На шумный, всегда многолюдный городской базар попасть из Станички можно было только одним путем — через старые царские казармы. Полуразвалившиеся, с выбитыми окнами и выломанными дверями обветшавшие строения нагоняли страх на местных жителей. Дело в том, что запутанные подземные коридоры и многочисленные подвалы казарм облюбовали в те годы беспризорники, а народец этот, что называется, не верил ни в бога, ни в черта, живя по своим неписаным законам, и потому пользовался в округе самой что ни на есть дурной славой. Чего только про них не говорили! В основном, конечно, все это были сплетни да досужие слухи. Но присказка в таких случаях всегда одна: дескать, дыма без огня не бывает. Мне, досыта наслушавшемуся всяческих ужасов, очень не хотелось показываться одному в этом гиблом месте, но возвращаться домой ни с чем я просто не мог.
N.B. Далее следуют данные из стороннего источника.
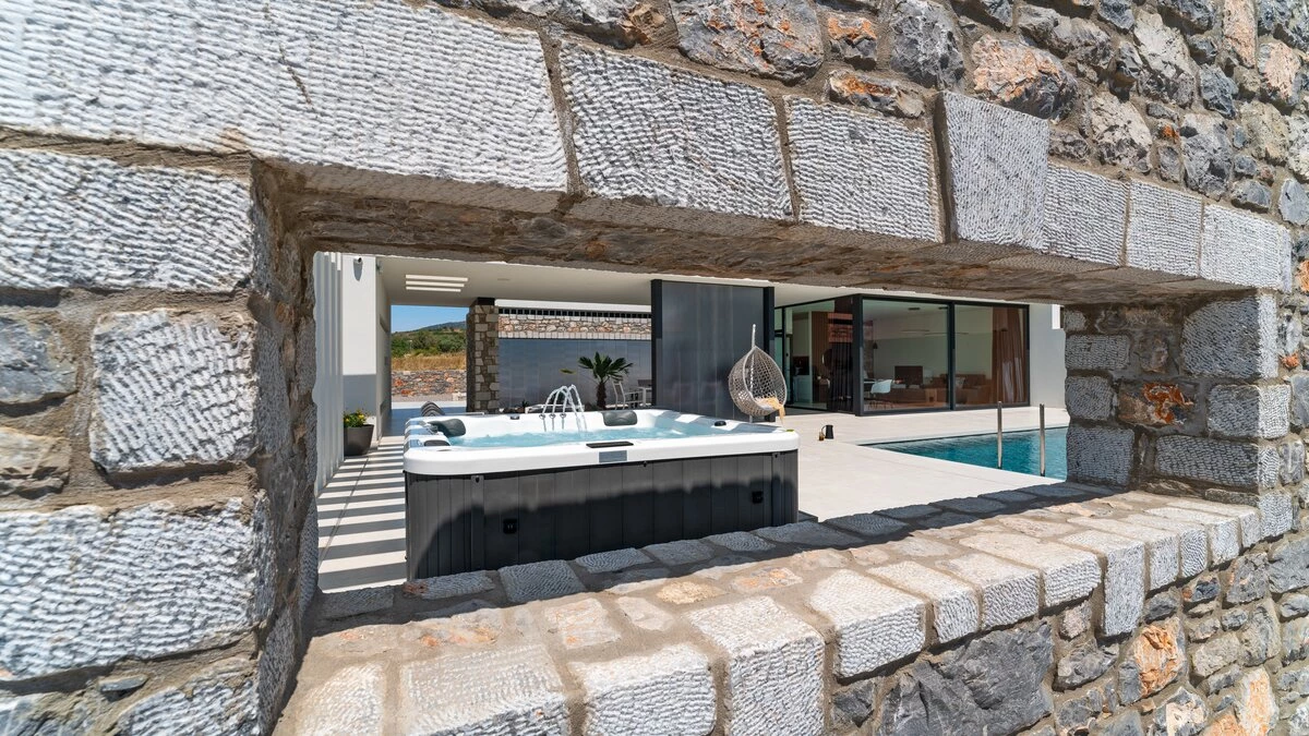 Outside is a refreshing private pool, exterior dining room, lounge area and a private heated Jacuzzi, perfect for a tipple under the stars. The property is just a short drive or walk from beach bars, tavernas and shops.

Подходя к казармам, я решил, что там, на мое счастье, никого нет. Но, обогнув угол, увидел, что ошибся. На плацу между постройками сгрудились у костра с десяток ребят. Сердце в груди у меня екнуло, но я, не показывая виду, взял себя в руки и даже не замедлил шаг.
То ли неожиданное мое появление, то ли откровенно голодный взгляд, с которым я уставился на висящий над костром закопченный котелок с бурлящим варевом, явно насторожили компанию. Пацаны пытливо, но молча разглядывали меня.
Чувствуя, что надо хоть что-то сказать, я сглотнул набежавшую слюну и кивнул в сторону котелка:
— Здорово пахнет!
Тогда от компании отделился невысокого роста парень в рваном, явно с чужого плеча пиджаке и, окинув меня с ног до головы быстрым оценивающим взглядом, спросил с ухмылкой:
— С ложкой пришел? Или тебе свою дать?
— Дай ему, Зуб! — дурашливо крикнул кто-то от костра. — Дай, не будь жмотом.
И тут же коварный, жесткий удар под ложечку согнул меня пополам, сбив дыхание. Однако на ногах удержаться я все же сумел. А в следующую секунду уже сам Зуб отлетел в сторону — кулак мой в коротком точном замахе уверенно нашел челюсть противника. Однако я знал, что торжествовать рано. На меня тотчас навалились всей сворой. Удары сыпались со всех сторон. Я отбивался как мог, но силы были явно неравными, и мне бы, понятно, несдобровать, если б в дело не вмешался кто-то посторонний.
В самый разгар драки раздался вдруг откуда-то сбоку, чуть ли не из-под земли, как мне тогда почудилось, чей-то резкий и властный голос:
— А ну, шпана, прекратить!..
Человек, столь своевременно прервавший своим вмешательством побоище, и впрямь находился где-то внизу, у самой земли: вместо ног у него торчали обернутые в засаленное тряпье обрубки, плотно прикрученные к доске на четырех колесиках, в руках он держал самодельные колодки, которыми и отталкивался при движении. Инвалид сидел на своей доске по пояс голым, и я мгновенно сумел оценить мощь его тяжелых узловатых рук и великолепно развитой мускулатуры груди и плечевого пояса.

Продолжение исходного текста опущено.